10.3.1 THE LOAN WAS MADE BY LENDERS IN THE STATE OF NEW YORK, AND THE PROCEEDS OF THE LOAN DELIVERED PURSUANT HERETO WERE DISBURSED FROM THE STATE OF NEW YORK, WHICH STATE THE PARTIES AGREE HAS A SUBSTANTIAL RELATIONSHIP TO THE PARTIES AND TO THE UNDERLYING TRANSACTION EMBODIED HEREBY, AND IN ALL RESPECTS, INCLUDING, WITHOUT LIMITING THE GENERALITY OF THE FOREGOING, MATTERS OF CONSTRUCTION, VALIDITY AND PERFORMANCE, THIS AGREEMENT, THE NOTES AND THE OTHER LOAN DOCUMENTS AND THE OBLIGATIONS ARISING HEREUNDER AND THEREUNDER SHALL BE GOVERNED BY, AND CONSTRUED IN ACCORDANCE WITH, THE LAWS OF THE STATE OF NEW YORK APPLICABLE TO CONTRACTS MADE AND PERFORMED IN SUCH STATE (WITHOUT REGARD TO PRINCIPLES OF CONFLICTS OF LAWS) AND ANY APPLICABLE LAW OF THE UNITED STATES OF AMERICA, EXCEPT THAT (I) AT ALL TIMES THE PROVISIONS FOR THE CREATION, PERFECTION, AND ENFORCEMENT OF THE LIENS AND SECURITY INTERESTS CREATED PURSUANT TO THE MORTGAGES SHALL BE GOVERNED BY AND CONSTRUED ACCORDING TO THE LAW OF THE STATE IN WHICH THE APPLICABLE PROPERTY IS LOCATED, IT BEING UNDERSTOOD THAT, TO THE FULLEST EXTENT PERMITTED BY THE LAW OF SUCH STATE, THE LAW OF THE STATE OF NEW YORK SHALL GOVERN THE CONSTRUCTION, VALIDITY AND ENFORCEABILITY OF ALL LOAN DOCUMENTS AND ALL OF THE OBLIGATIONS ARISING HEREUNDER OR THEREUNDER AND (II) THE GOVERNING LAW OF THE ACQUISITION AGREEMENT, WHICH IS THE LAWS OF THE STATE OF MARYLAND, SHALL GOVERN IN DETERMINING WHETHER THE ACQUISITION HAS BEEN CONSUMMATED IN ACCORDANCE WITH THE TERMS OF THE ACQUISITION AGREEMENT (IN EACH CASE, WITHOUT REGARD TO THE PRINCIPLES OF CONFLICTS OF LAWS THEREOF). TO THE FULLEST EXTENT PERMITTED BY LAW, EACH BORROWER HEREBY UNCONDITIONALLY AND IRREVOCABLY WAIVES ANY CLAIM TO ASSERT THAT THE LAW OF ANY OTHER JURISDICTION GOVERNS THIS AGREEMENT, THE NOTES AND THE OTHER LOAN DOCUMENTS, AND THIS AGREEMENT, THE NOTES AND THE OTHER LOAN DOCUMENTS SHALL BE GOVERNED BY AND CONSTRUED IN ACCORDANCE WITH THE LAWS OF THE STATE OF NEW YORK PURSUANT TO SECTION 5-1401 OF THE NEW YORK GENERAL OBLIGATIONS LAW.

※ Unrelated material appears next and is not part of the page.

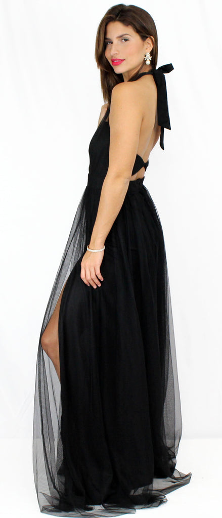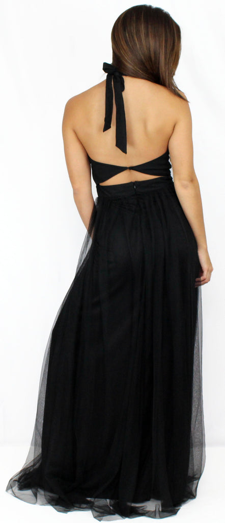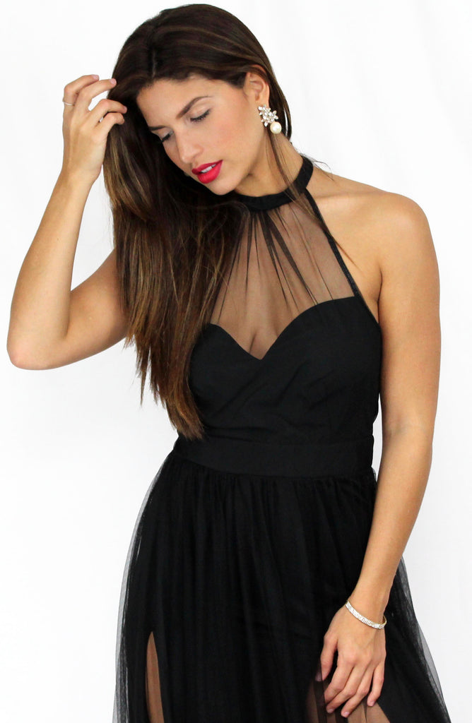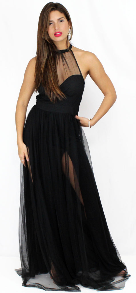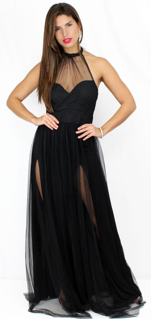 featuring See Thru Mesh Halter Top with Heart Cut Wine Lining, Fitted Top & Waist. Open Skirt with Slit Both Legs.

EACH OF THE PARTIES HERETO HEREBY IRREVOCABLY AND UNCONDITIONALLY (A) SUBMITS, FOR ITSELF AND ITS PROPERTY, TO THE EXCLUSIVE JURISDICTION OF ANY NEW YORK STATE COURT OR FEDERAL COURT OF THE UNITED STATES OF AMERICA SITTING IN THE BOROUGH OF MANHATTAN, NEW YORK CITY, AND ANY APPELLATE COURT FROM ANY THEREOF, IN ANY ACTION OR PROCEEDING ARISING OUT OF OR RELATING TO THIS AGREEMENT OR THE TRANSACTIONS CONTEMPLATED HEREBY OR

 

127


THEREBY, AND AGREES THAT ALL CLAIMS IN RESPECT OF ANY SUCH ACTION OR PROCEEDING MAY BE HEARD AND DETERMINED ONLY IN SUCH NEW YORK STATE COURT OR, TO THE EXTENT PERMITTED BY LAW, IN SUCH FEDERAL COURT, (B) WAIVES, TO THE FULLEST EXTENT IT MAY LEGALLY AND EFFECTIVELY DO SO, ANY OBJECTION WHICH IT MAY NOW OR HEREAFTER HAVE TO THE LAYING OF VENUE OF ANY SUIT, ACTION OR PROCEEDING ARISING OUT OF OR RELATING TO THIS AGREEMENT OR THE TRANSACTIONS CONTEMPLATED HEREBY OR THEREBY IN ANY NEW YORK STATE COURT OR IN ANY SUCH FEDERAL COURT, (C) WAIVES, TO THE FULLEST EXTENT PERMITTED BY LAW, THE DEFENSE OF AN INCONVENIENT FORUM TO THE MAINTENANCE OF SUCH ACTION OR PROCEEDING IN ANY SUCH COURT, AND (D) AGREES THAT A FINAL JUDGMENT IN ANY SUCH ACTION OR PROCEEDING SHALL BE CONCLUSIVE AND MAY BE ENFORCED IN OTHER JURISDICTIONS BY SUIT ON THE JUDGMENT OR IN ANY OTHER MANNER PROVIDED BY LAW. EACH BORROWER AGREES THAT SERVICE OF PROCESS UPON SAID BORROWER AT THE ADDRESS IN SECTION 10.6 HEREOF AND WRITTEN NOTICE OF SAID SERVICE MAILED OR DELIVERED TO SUCH BORROWER IN THE MANNER PROVIDED HEREIN SHALL BE DEEMED IN EVERY RESPECT EFFECTIVE SERVICE OF PROCESS UPON SUCH BORROWER IN ANY SUCH SUIT, ACTION OR PROCEEDING IN THE STATE OF NEW YORK. EACH BORROWER (I) SHALL GIVE PROMPT NOTICE TO LENDERS OF ANY CHANGE OF ADDRESS HEREUNDER, OR (II) MAY AT ANY TIME AND FROM TIME TO TIME DESIGNATE AN AUTHORIZED AGENT WITH AN OFFICE IN NEW YORK, NEW YORK (WHICH AGENT AND OFFICE SHALL BE DESIGNATED AS THE PERSON AND ADDRESS FOR SERVICE OF PROCESS).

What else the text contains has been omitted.